- **What is required**
Of the lines in the material below, print only those from the one containing "세월호 참사 특별법 발의" to the one containing "Nach zwei Regentagen", ends included, exactly as written and without pictures.

········

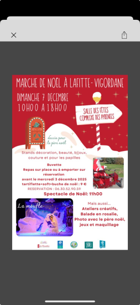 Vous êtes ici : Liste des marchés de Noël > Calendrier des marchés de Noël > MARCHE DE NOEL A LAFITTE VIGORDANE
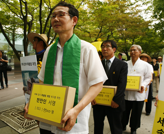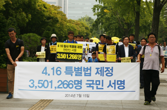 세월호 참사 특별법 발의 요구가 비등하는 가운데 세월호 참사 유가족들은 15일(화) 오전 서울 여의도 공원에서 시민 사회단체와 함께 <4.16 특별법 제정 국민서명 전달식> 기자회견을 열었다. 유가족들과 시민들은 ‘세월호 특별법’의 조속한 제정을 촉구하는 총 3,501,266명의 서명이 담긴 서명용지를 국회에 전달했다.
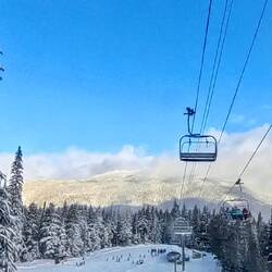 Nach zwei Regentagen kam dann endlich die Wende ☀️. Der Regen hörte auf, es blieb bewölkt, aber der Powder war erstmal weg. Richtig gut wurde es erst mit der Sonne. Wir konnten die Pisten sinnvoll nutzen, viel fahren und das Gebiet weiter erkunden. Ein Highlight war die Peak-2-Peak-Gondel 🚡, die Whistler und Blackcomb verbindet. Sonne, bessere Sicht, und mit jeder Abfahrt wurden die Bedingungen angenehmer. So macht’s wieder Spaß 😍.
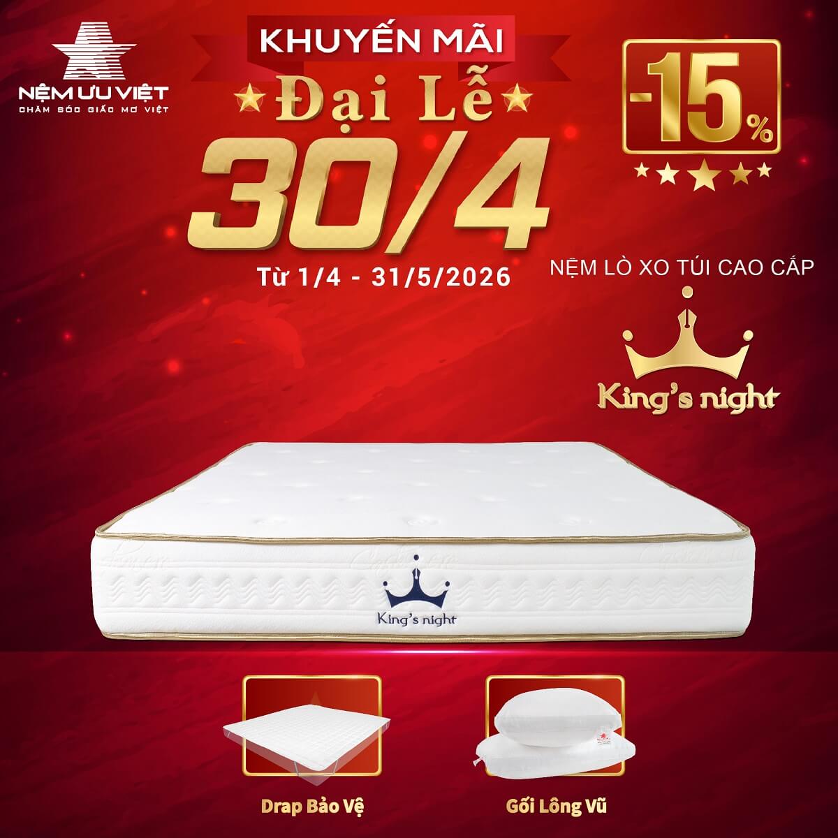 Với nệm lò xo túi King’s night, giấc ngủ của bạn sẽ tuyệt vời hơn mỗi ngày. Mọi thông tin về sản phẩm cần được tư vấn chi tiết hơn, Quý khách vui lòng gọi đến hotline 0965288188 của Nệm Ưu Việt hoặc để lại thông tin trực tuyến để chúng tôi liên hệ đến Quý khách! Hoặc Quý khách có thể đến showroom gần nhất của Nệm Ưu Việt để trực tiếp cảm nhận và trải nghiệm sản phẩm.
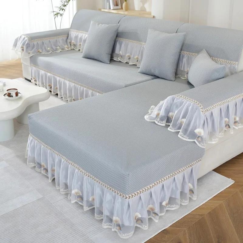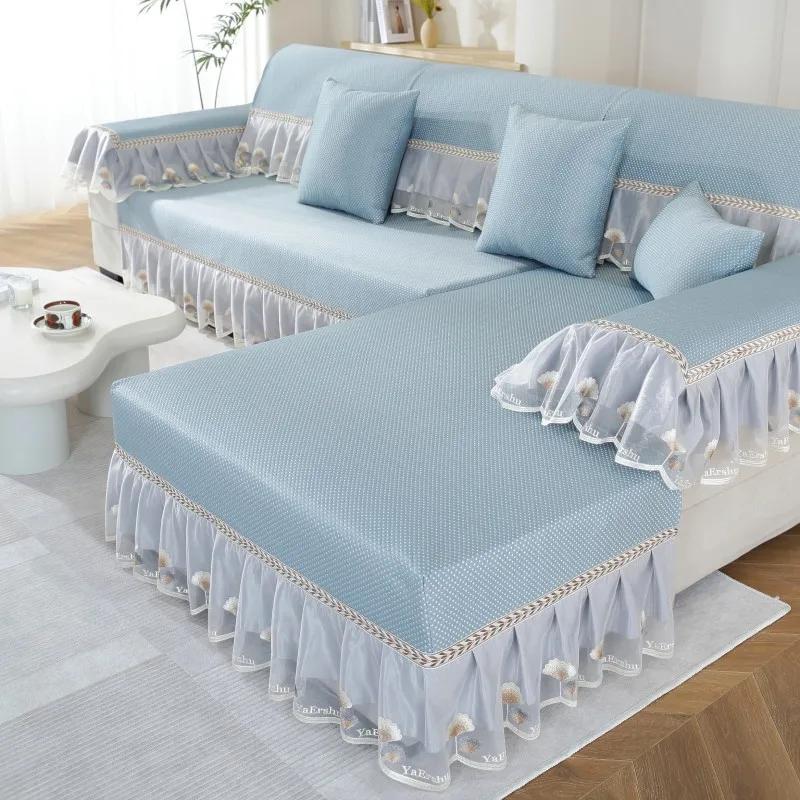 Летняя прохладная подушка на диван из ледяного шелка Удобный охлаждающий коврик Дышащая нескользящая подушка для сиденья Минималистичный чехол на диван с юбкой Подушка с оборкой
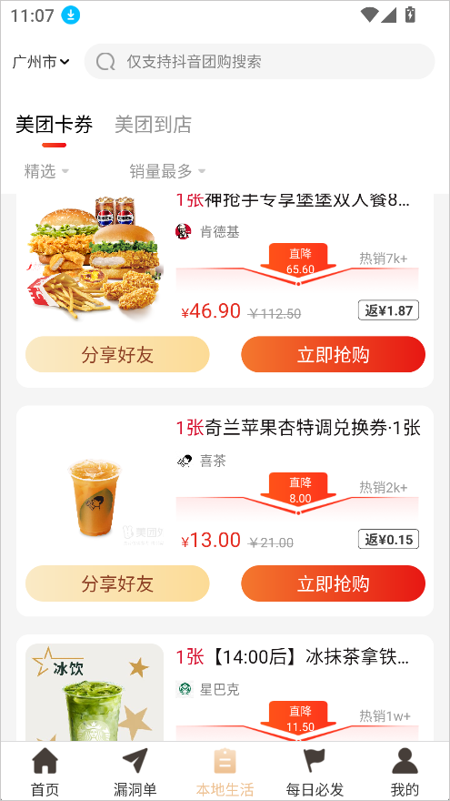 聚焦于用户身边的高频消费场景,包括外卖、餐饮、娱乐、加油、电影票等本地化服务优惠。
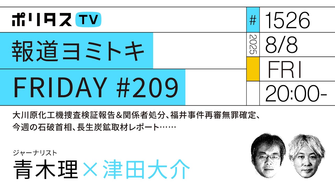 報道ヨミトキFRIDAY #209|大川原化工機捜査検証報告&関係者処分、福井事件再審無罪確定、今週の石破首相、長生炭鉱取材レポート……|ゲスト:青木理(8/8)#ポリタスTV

········

- **Reply to the exercise**
 세월호 참사 특별법 발의 요구가 비등하는 가운데 세월호 참사 유가족들은 15일(화) 오전 서울 여의도 공원에서 시민 사회단체와 함께 <4.16 특별법 제정 국민서명 전달식> 기자회견을 열었다. 유가족들과 시민들은 ‘세월호 특별법’의 조속한 제정을 촉구하는 총 3,501,266명의 서명이 담긴 서명용지를 국회에 전달했다.
 Nach zwei Regentagen kam dann endlich die Wende ☀️. Der Regen hörte auf, es blieb bewölkt, aber der Powder war erstmal weg. Richtig gut wurde es erst mit der Sonne. Wir konnten die Pisten sinnvoll nutzen, viel fahren und das Gebiet weiter erkunden. Ein Highlight war die Peak-2-Peak-Gondel 🚡, die Whistler und Blackcomb verbindet. Sonne, bessere Sicht, und mit jeder Abfahrt wurden die Bedingungen angenehmer. So macht’s wieder Spaß 😍.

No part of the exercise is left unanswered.